Прости нам. Прости! Не ведали мы, что творим…

Прости…

Ведь теперь мы знаем, что Ты — или Вы все тут, ну, может, не тут, может, где-то там, высоко, всюду — Вы, создавшие Остров, — Вы изначально милосердны и милосердием непревзойденно, непобедимо могучи, если Ваш Остров, бездушный автомат, камень-механизм создан так Вами, что спасает человека, не дает ему погибнуть, пробуждает в нем душу живую, память, ведет через темный, в нем сидящий ужас, зло злом вышибая, дьявола в человеке человеческим же дьяволом изгоняя. И потому благословляю Вас.

Потому что поверил.

Потому что не рабства жду, но свободы.

Свободы не дареной и лживой, но нами завоеванной в битве с нами — с рабами.

Не хлеба жду от Вас дарового, мертвого, и не сытости жалкой, и не рабского подлого барства, не погибели в лени и роскоши.

Жду труда тяжкого! В поту и усердии к Миру ведущего!

Жду битвы Человека с человеком за сущее в нем, за истинно доброе, а значит, и вечно людское!

Вот он предо мною, огромный камень в конце уже пройденной, уже нами, нашими руками, построенной здесь дороги. Я уберу его с пути, сверну его в сторону, во-от так, и шагну дальше. И еще один, и еще. И уже пройден мною следующий шаг, я чищу дальше, строю дальше. Ибо я — Человек.

Он все поймет, наш мальчик. Он ведь еще не знает, что не погибли мы, — не дано нам погибнуть, если мы сумеем, если сможем, если хватит в нас разума не впасть в злобу, ненависть и отчаяние. Если достанет сил вспомнить о всех Творцом в нас вложенных «возможностях» и достанет добра вернуться.

И тогда мы вернемся.

Я знаю, в чем сила моя и для чего мне надо уйти отсюда. И, похоже, мой капитан, неистовый служитель собственной справедливости, — он тоже знает. Он понял. Он уже не тот, каким был в первую ночь. И парнишка, наш замечательный обессилевший крепыш, собрат наш, потомок славян и саксов, с которым пошли мы по одной дороге рядом, — тоже. Иначе не могло и быть. Иначе не было бы ничего. Иначе мы б не справились. Ведь столько сил, столько мук и горя, — неужто ради того лишь, чтоб, ничего не уразумев, умереть? Или, тем паче, ничего не осознав и не приняв, — выжить?

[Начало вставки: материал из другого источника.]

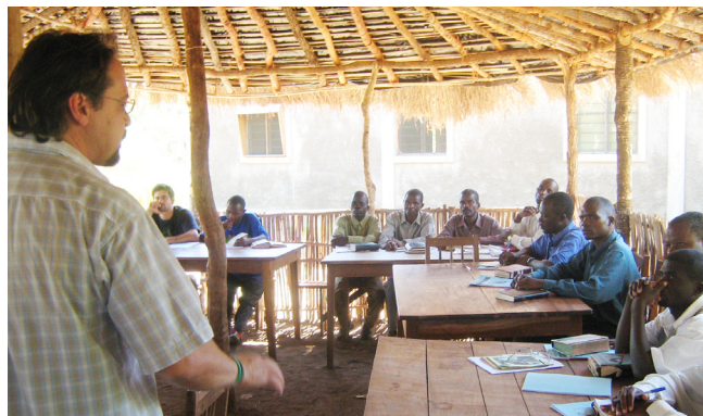
A Vision Conference in rural Mozambique.

THIRD, we catalyze and support indigenous DNA regional networks and national organizations that, in turn, train and support local champions who take ownership for accomplishing the purpose of the Disciple Nations Alliance in their nation or region.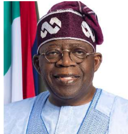
President Bola Tinubu.

He credited the President's Renewed Hope Agenda for prioritising drug control as a national security pillar, citing increased funding, inter-agency cooperation, and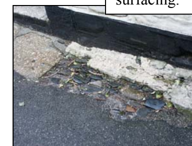
Partially covered original surfacing.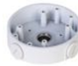
PFA139 Junction Box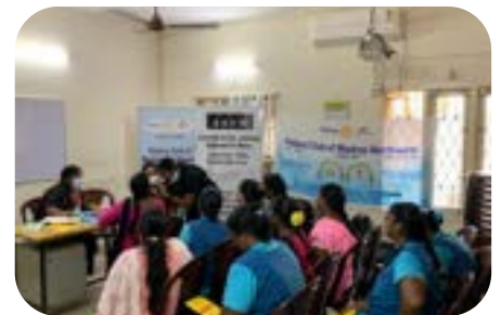
Cancer Screening program by medical professionals from Ramachandra Medical College, organised by Rotary Club of Madras North West for ANEW beneficiaries.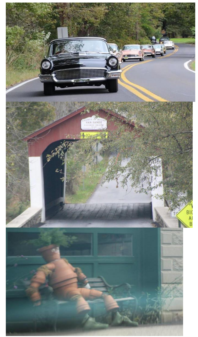
This guy really went to pot (Couldn't resist)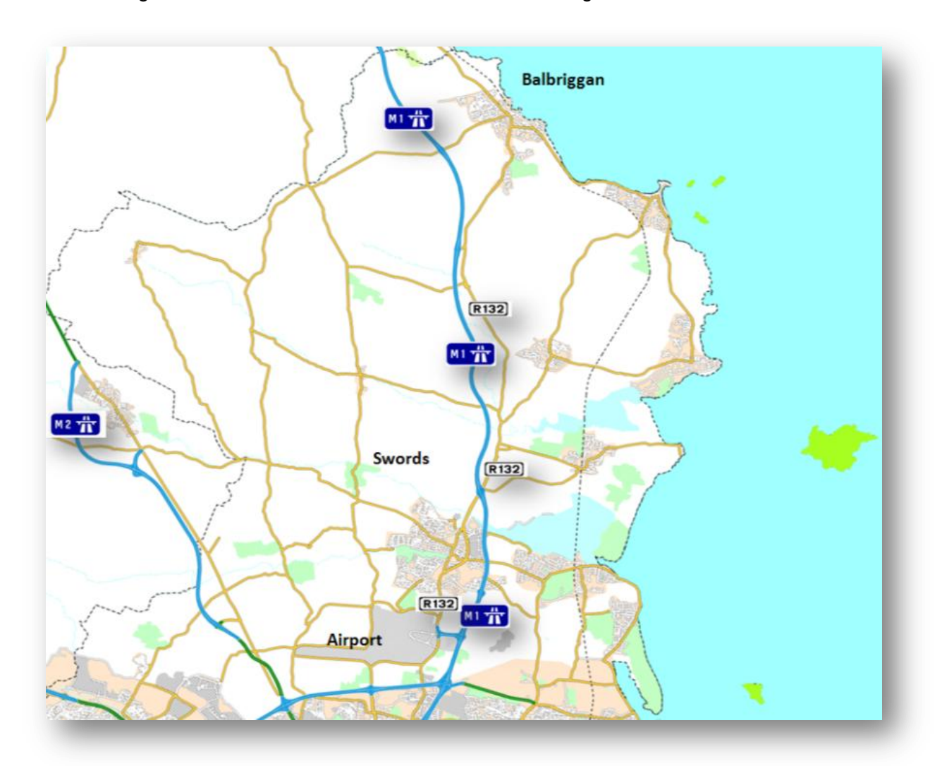
Figure 5-1: M1 Airport to Balbriggan

The AADT on the M1 in 2008 was 80,000 - this indicates a growth of 51% on the M1 between 2004-2008. At a national level traffic growth between 2004-2004 was 16%, which indicates additional demand of 35% on the M1 over this period. This will reflect traffic induced by the scheme together with differences between local and national growth rates.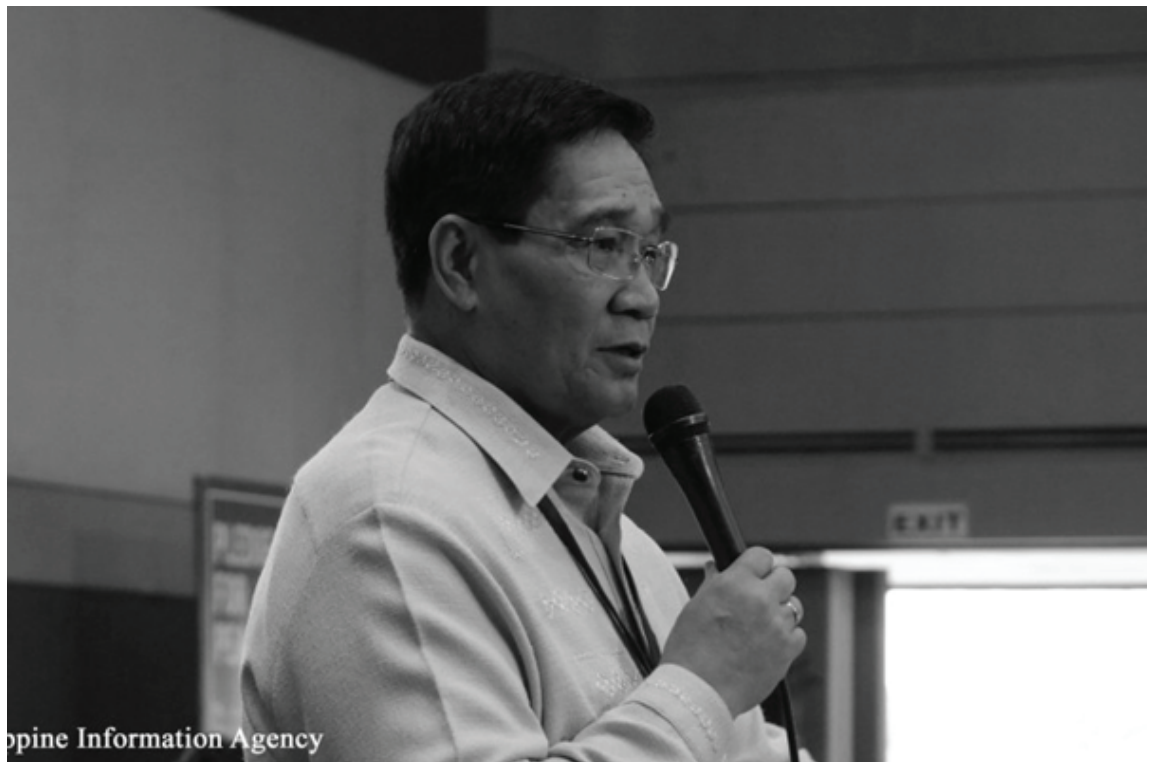
Opine Information Agency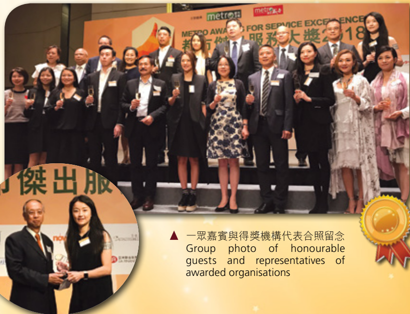
▲ 一眾嘉賓與得獎機構代表合照留念 Group photo of honourable guests and representatives of awarded organisations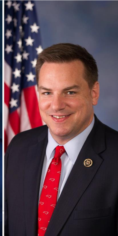
Congressman Richard Hudson NC 9 th District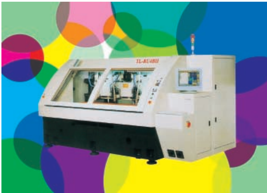
TL-RU4B II PCB Router 印刷電路板成型機

Вот они идут сюда. Ко мне. Двое братьев моих. Идут, чтоб со мною вместе вновь взяться разом за непосильный, каторжный труд, вместе ворочать камни и складывать дорогу, по которой мы — тоже вместе — взлетим. Труд здесь — и далее всегда.

Бог нам в помощь, ребятки!

Ну-к, взя-а-али! И — еще раз! И-и-и… пошла! Пошла, родимая. Нету такой силы, такой тяжести, такой горы, чтоб устояла пред нами — пред человеками-братьями!

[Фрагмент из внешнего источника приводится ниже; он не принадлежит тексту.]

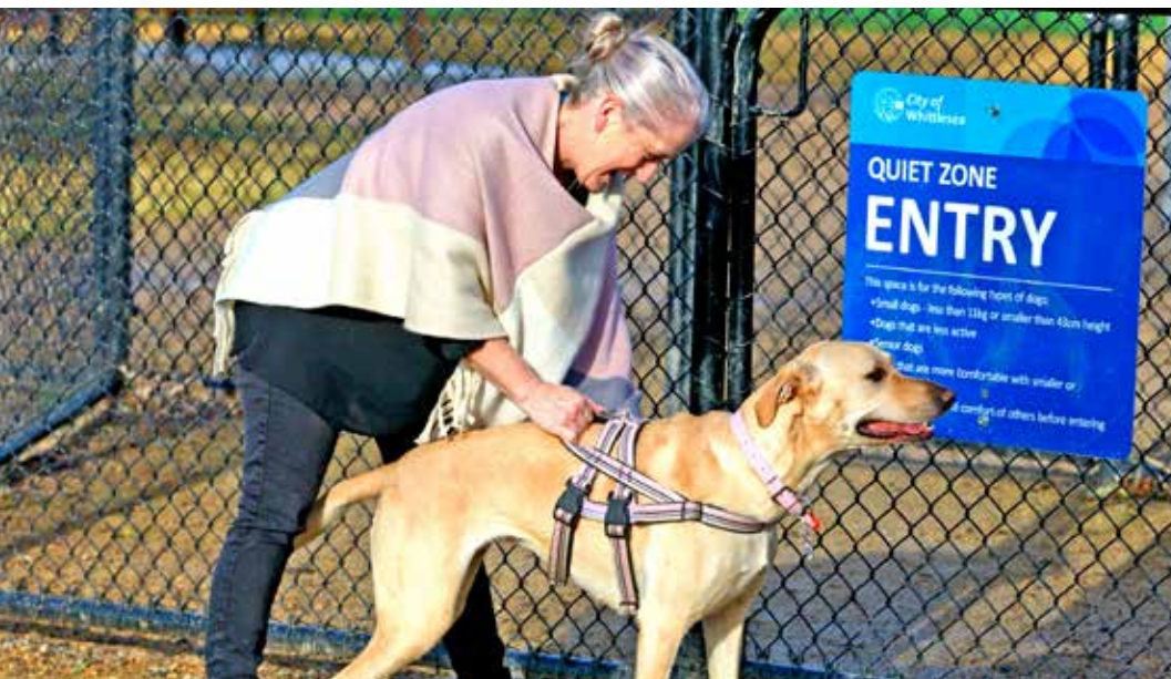
ABOVE make sure your pet registration and microchip registry contact information is correct.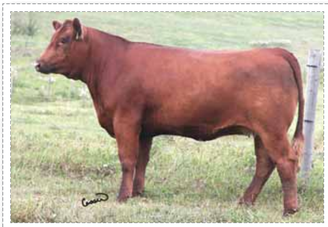
188 ~ Majestic WIS GM2 133Z

Exposed: May 31 to Nov. 1/13 to IPU Red Specialist 70T -PG682864- 40 days on Oct. 7/13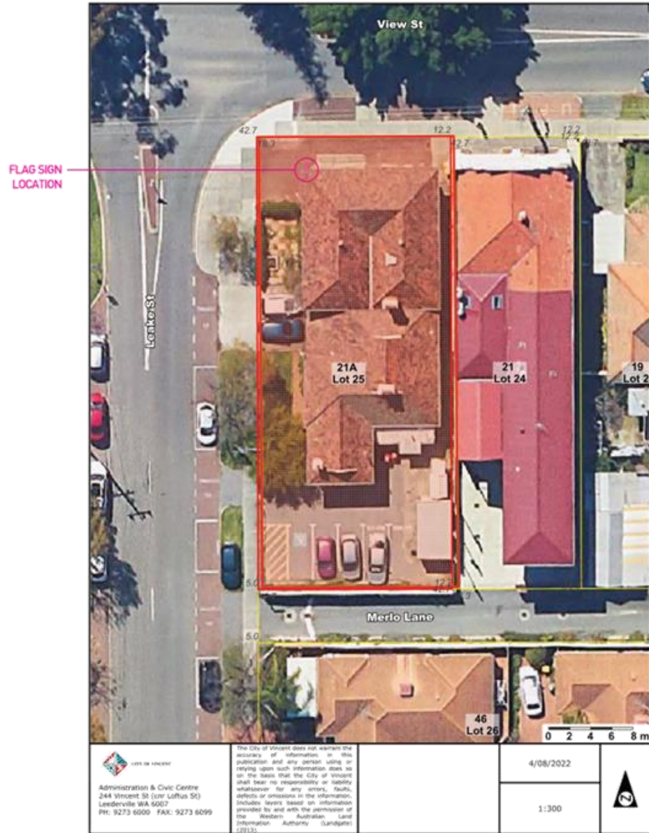
1:300 @ A2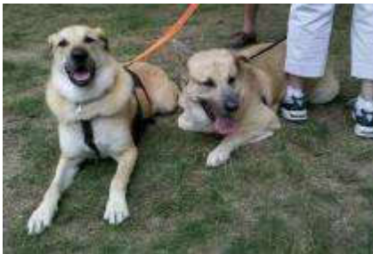
Ranson and Fionn

Eleven Chinooks were entered in the breed ring and twenty Chinooks were in attendance including Tullibardine's Kan and Kenai, Belfast, Ransom, (who looks just like his Mom, Jessie), Fionn, Huck and Birr, (who are all Jackson grandkids). Half of the Riverstone litter of April 2010 attended: Basil, Belle, Rhys, and Kenzie delighting all as they made their debut in the puppy class ring.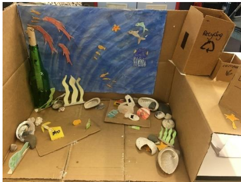
Ocean Environment Game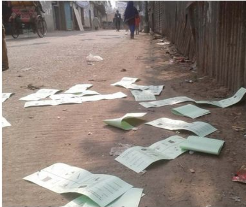
Ballot papers spreading out on street in the Choumuhni Municipality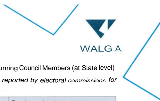
Table 3: Percentage of all elected candidates who were returning Council Members (at State level)

States with full spills only Official state level percentage reported by electoral commissions for elections they conducted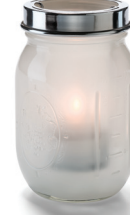
1610SL Satin Linen with Cradle™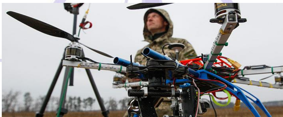
A Ukrainian serviceman operates a drone during a training session outside Kiev, November 6, 2014.

Secondly, we must never forget that public opinion is malleable. For this reason alone, we cannot afford to think naively and argue that lawfare has to rely exclusively on its legal paradigms; the legality and legitimacy of [military] action are first and foremost subject to scrutiny of public opinion. Consequently, any successful counter-lawfare action, or Zeusian use of lawfare, against 'boomerangs' must not be limited in scope, but comprehensive and holistic, as it will have to aim at establishing the right perceptions among the internal and external public opinions.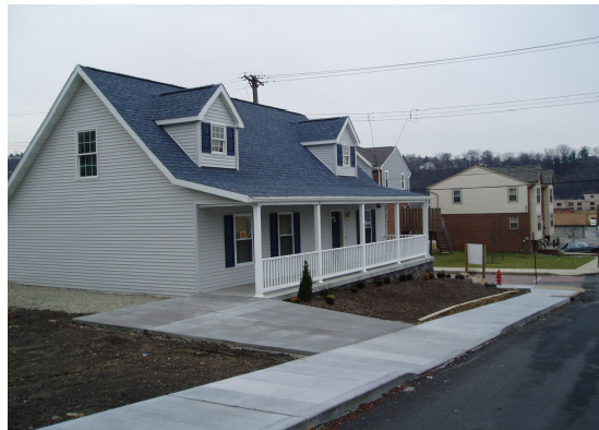
Figure 6. Smart Cottage

Американец, влезши в мотор снизу по пояс, чем-то там позвякивал, его уже погоревшие на солнцепеке ноги нетерпеливо топтались под задранным капотом, — он отказался даже от единственного за много часов перекура, поклявшись, что до вечера все закончит.

Старшина, ловя догадку, пытаясь точно сформулировать какую-то явно простую и явно крайне важную мысль, глядел на тоже подзагоревшего капитана, жадно досасывающего сигарету, и вдруг сообразил: сюда, на Остров, попадает только оружие!

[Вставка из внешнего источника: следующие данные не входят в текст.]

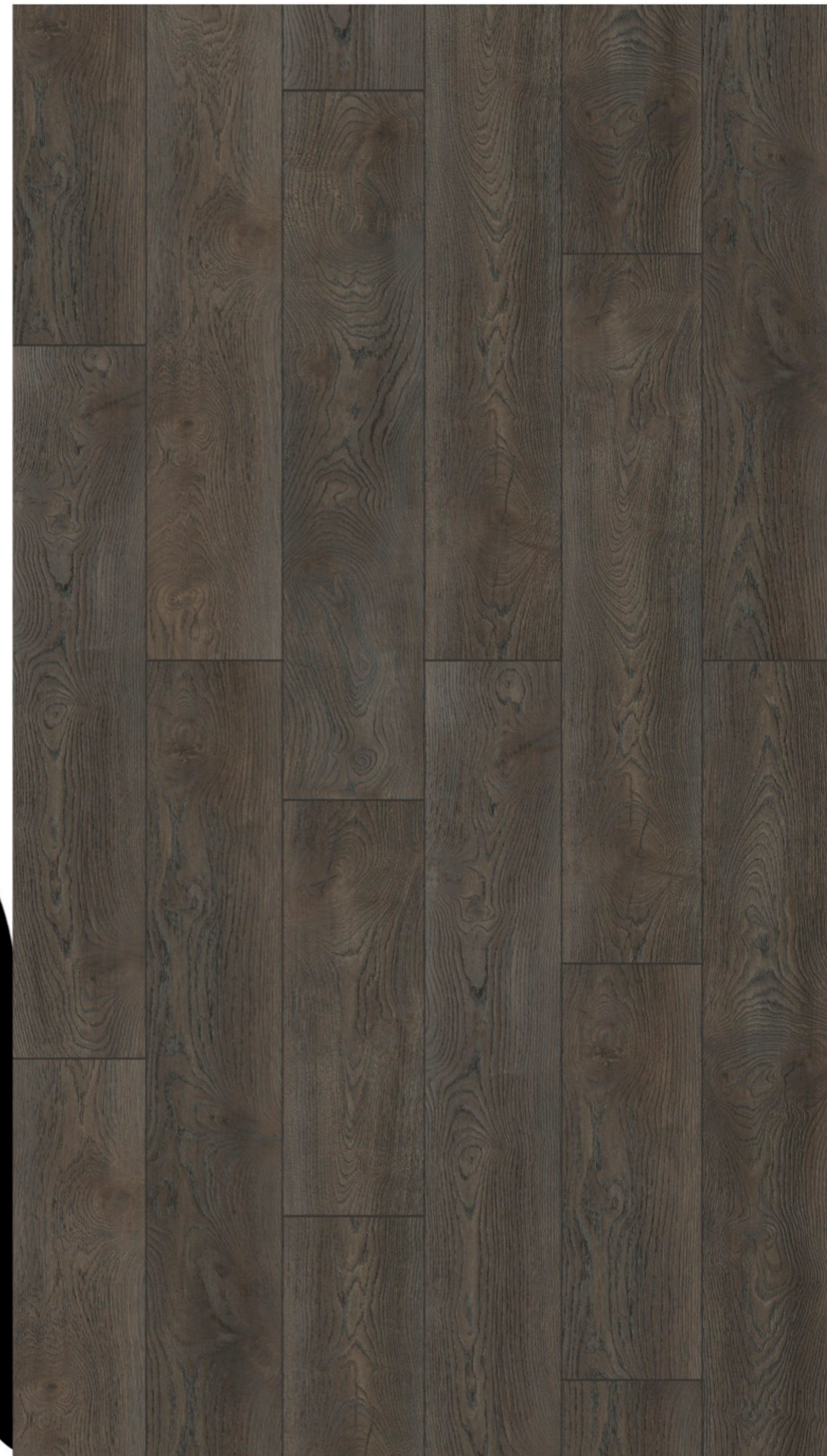
WTX 03 HELENA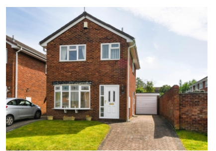
Millfields Way, Wombourne, Wolverhampton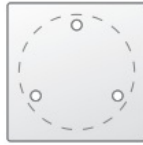
Positioning Map ×1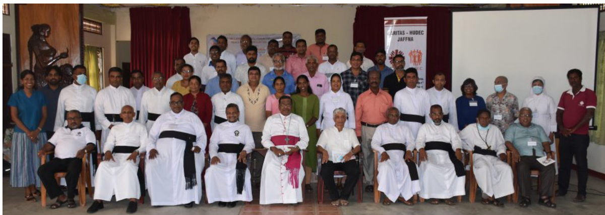
Jaffna Peace Forum with Church actors

The Jaffna Forum, the second phase of the National Forum for Church Actors on Peace and Reconciliation in Sri Lanka, came to a close with a solid understanding that continuation of such fora to provide space for dialogue and to foresee a tangible outcome for continued dialogue, among a greater number of peace actors is possible through the togetherness of all related actors. Caritas Sri Lanka – SEDEC and the diocesan centres have created a roadmap for such fora, where phase 3 being the next step, would target a wider religious community for progressive dialogue.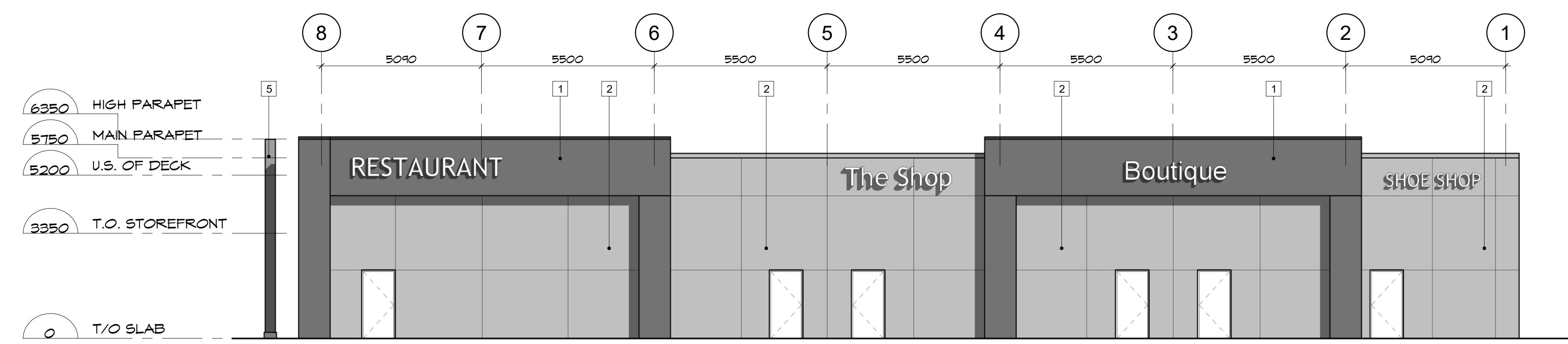
2 REAR ELEVATION1 D-A1 SCALE: 1:100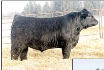
Riverstone Exodus ET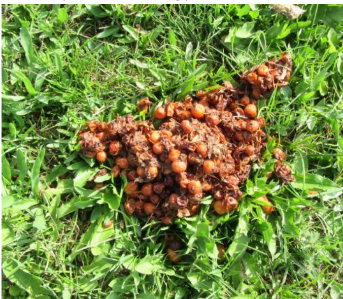
Digestion problems for bear?

За те несколько дней, или недель, или сколько они тут, Остров имеет дело лишь с оружием, лишь с орудиями убийства, но при этом обязательно выводит их из строя. Мало того. Носители оружия тоже выводятся из строя — точнее, из готовности к выстрелу. Ведь совершенно очевидно, что затворы и патроны не срабатывают не только в стволах — они не срабатывают и в головах! Но ведь и это еще не все. Человек, переставший быть солдатом, готов к тому, чтоб отобрать оружие и у других; он становится носителем, излучателем идеи неубийства, ненасилия. Достаточно внимательно, не вслушиваясь в слова, декларации и вопли, вглядеться в нашего славного капитана…

Старшина вскочил и почти побежал к самолету, обжигая ступни на раскаленных камнях: они работали, раздевшись до трусов, но в сапогах, — ходить иначе по раскаленной земле было невозможно; лишь вот так, в минуты отдыха, они их сбрасывали.

Капитан воткнул окурок в гальку, неспешно поднялся, с кряхтением пару раз согнулся-разогнулся и с очевидным усилием взялся за сапоги:

— Все, товарищи бойцы, перекур закончен. У перед.

Старшина нырнул под мотор и шлепнул Сэнди по влажной ноге:

— Что еще он вам рассказывал, малыш?

Сэнди, отклонив костлявую мальчишескую задницу и зачем-то растопырив локти, целую вечность вынимал из мотора всклокоченную башку. На его щеках жирно застыли радужно-сверкающие черные потеки пота, смешанного с машинным маслом и копотью.

— Ну тот ваш инструктор? Когда рассказывал про этот, как его?.. — старшина защелкал пальцами.

— Бермуды? — Сэнди вытянул откуда-то промасленную тряпку и принялся жестом мастера медленно отирать ломкие длинные пальцы.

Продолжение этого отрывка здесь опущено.